Durante o período de incêndios ouvimos muito dizer que «todos somos agentes de proteção civil». De que forma o ensino e a educação podem contribuir para essa cultura de responsabilidade cívica?

Um engenheiro florestal senegalês, de seu nome, Baba Dioum, disse em 1968: «No fim conservaremos apenas o que amamos; amaremos apenas o que compreendemos; e compreenderemos apenas o que nos ensinam». No fundo, o problema a montante está na educação. A nossa relação com o clima é muito uma questão ética e estética. O valor da paisagem deve começar a ser ensinado nas escolas. É preciso interiorizar o inestimável valor de certas coisas. Só assim se conseguirá modificar comportamentos e, deste modo, trilhar caminhos rumo à solução. Estou em crer que o esforço valerá a pena.

Para finalizar, uma pergunta sobre a forma como a ciência tem resistido aos boatos e a algumas campanhas, especialmente disseminadas nas redes sociais. Tem a receita para derrotar os negacionistas?

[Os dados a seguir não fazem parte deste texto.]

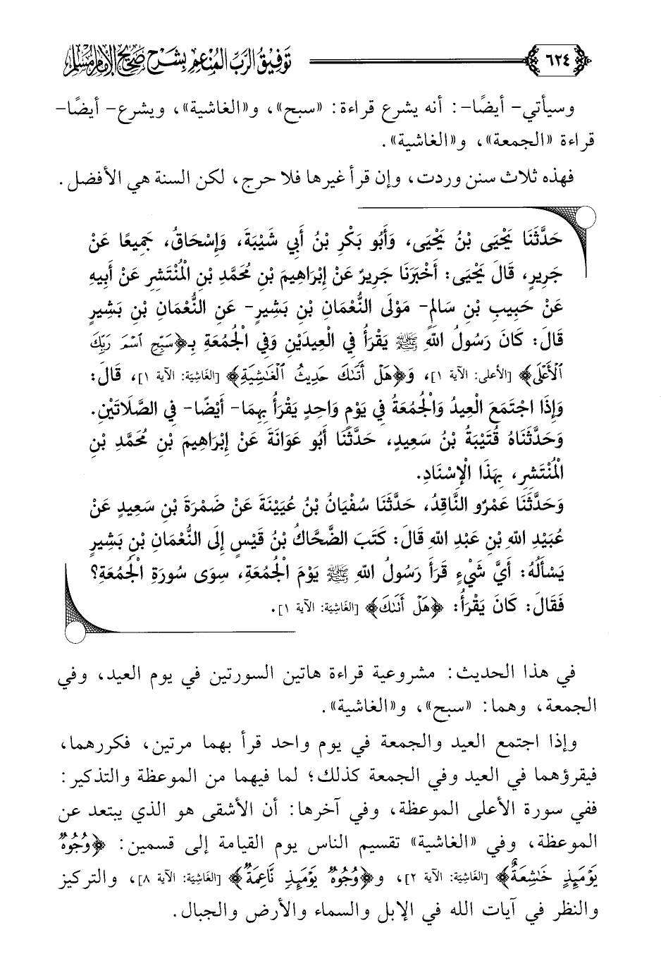 حَدَّثَنَا يَحْيَى بْنُ يَحْيَى، وَأَبُو بَكْرِ بْنُ أَبِي شَيْبَةَ، وَإِسْحَاقُ، جَمِيعًا عَنْ جَرِيرٍ، قَالَ يَحْيَى: أَخْبَرَنَا جَرِيرٌ عَنْ إِبْرَاهِيمَ بْنِ مُحَمَّدِ بْنِ الْمُنْتَشِرِ عَنْ أَبِيهِ عَنْ حَبِيبِ بْنِ سَالِمٍ- مَوْلَى النُّعْمَانِ بْنِ بَشِيرٍ- عَنْ النُّعْمَانِ بْنِ بَشِيرٍ قَالَ: كَانَ رَسُولُ اللهِ صلى الله عليه وسلم يَقْرَأُ فِي الْعِيدَيْنِ وَفِي الْجُمُعَةِ بِـ {سَبِّحِ اسْمَ رَبِّكَ الْأَعْلَى}، وَ {هَلْ أَتَاكَ حَدِيثُ الْغَاشِيَةِ}، قَالَ: وَإِذَا اجْتَمَعَ الْعِيدُ وَالْجُمُعَةُ فِي يَوْمٍ وَاحِدٍ يَقْرَأُ بِهِمَا- أَيْضًا- فِي الصَّلَاتَيْنِ.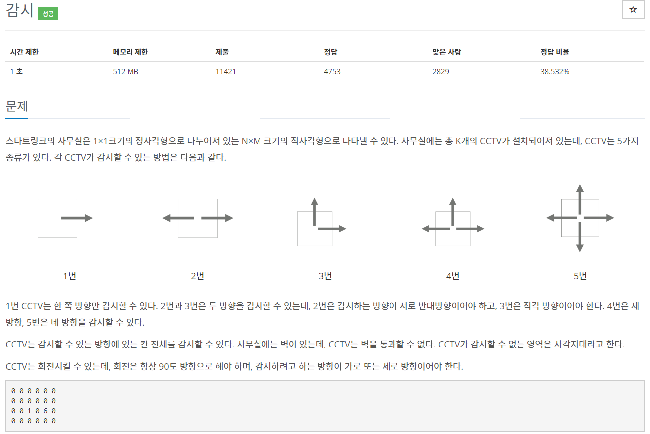 이렇게 하면 DFS를 타고 타고 모든 경우의 CCTV 범위의 사각지대의 수를 찾을 수 있다.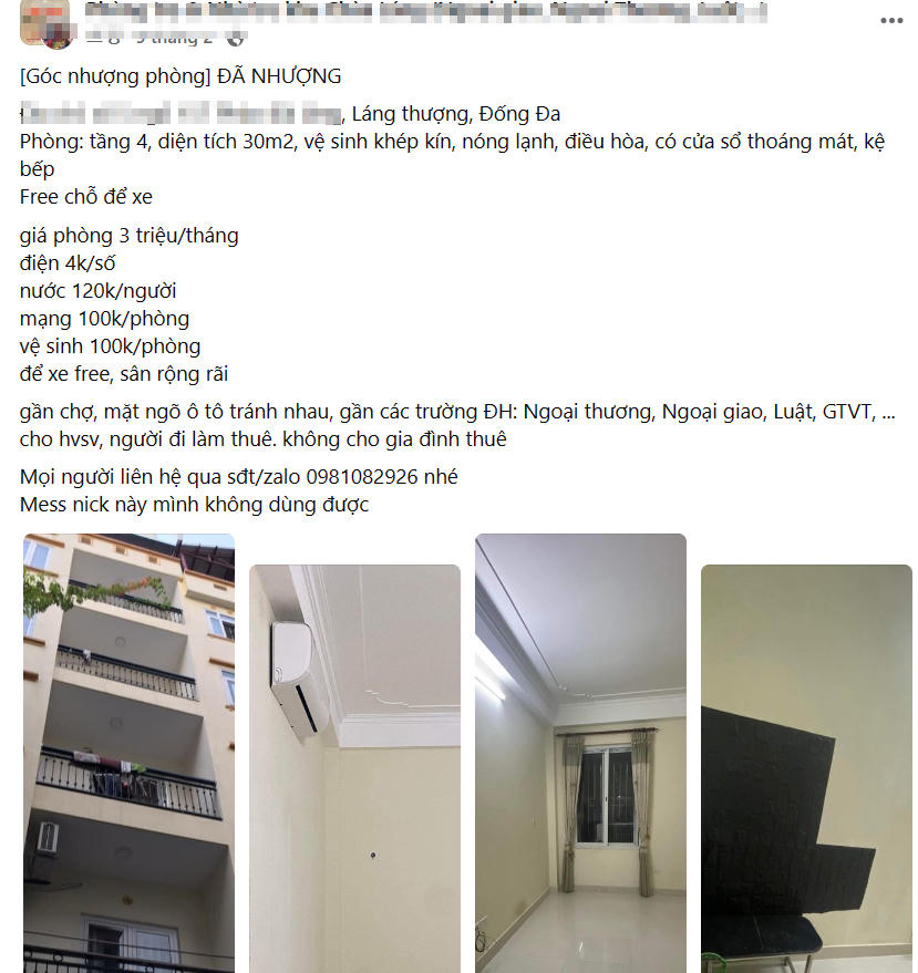 Thuê trọ tại khu vực phố Lương Thế Vinh (Thanh Xuân) mới được 1 tháng nhưng Nguyễn Thanh Thủy – sinh viên năm 4, Trường Đại học Hà Nội lại phải vội vàng đăng tin nhượng phòng vì chủ trọ thông báo tăng giá phòng thêm 300.000 đồng/tháng (gần 10%), chưa bao gồm tiền điện nước và các chi phí dịch khác.

Acredito que sempre houve negacionistas e adeptos das teorias da conspiração, a diferença é que no passado não desfrutavam de tanta visibilidade por não existirem redes sociais. Mas, se me permite, deixe-me dizer o seguinte: os cientistas também estão a colher os ventos que semearam, porque dinamizaram uma crença desmesurada na ciência. Começou no século XIX com o positivismo e teve o seu auge no princípio do século XX, quando a ciência achou que podia substituir-se a tudo o resto. E deu a asneira que deu. Aconteceu uma crise científica grande, com a teoria da relatividade a destruir a mecânica de Newton. E os próprios conflitos mundiais tiveram na origem ideologias de base científica. Isto é uma questão. O segundo tema que se coloca é que o ser humano tem muita dificuldade em resolver problemas que não são lineares. E os problemas relacionados com o clima, muitas vezes, têm soluções que não são de todo aquelas que a nossa intuição apontava.  O que torna a ciência mais hermética. O cientista tem de ser humilde. Provavelmente o que estou a dizer agora, amanhã já não será exatamente assim. Como dizia o escritor Vergílio Ferreira, «uma verdade é um erro à espera de vez.» E esta frase aplica-se, na perfeição, em ciência.  A ciência não é a panaceia para tudo. Mas os seus passos e progressos são lentos e seguros. Confiemos nela.

 

A CARA DA NOTÍCIA

Deteção remota e incêndios florestais

Carlos da Câmara é professor do departamento de engenharia geográfica, geofísica e energia da Faculdade de Ciências da Universidade de Lisboa. São cerca de quatro décadas a lecionar, o que o torna um dos mais experientes docentes e climatologistas portugueses. Investigador no Instituto Dom Luiz, fez o seu doutoramento na universidade norte-americana de Missouri-Columbia sobre os fenómenos de bloqueio e a dinâmica das chamadas ondas planetárias. Foi ainda vice-presidente do antigo Instituto de Meteorologia e Geofísica – atual IPMA – durante cerca de três anos. A deteção remota (monitorização da Terra a partir de satélite) e os incêndios florestais são duas das suas principais áreas de especialização. Tem sido presença assídua nas televisões para explicar a onda de calor que assola boa parte do continente europeu, em consequência de um dos meses de julho mais quentes de que há memória.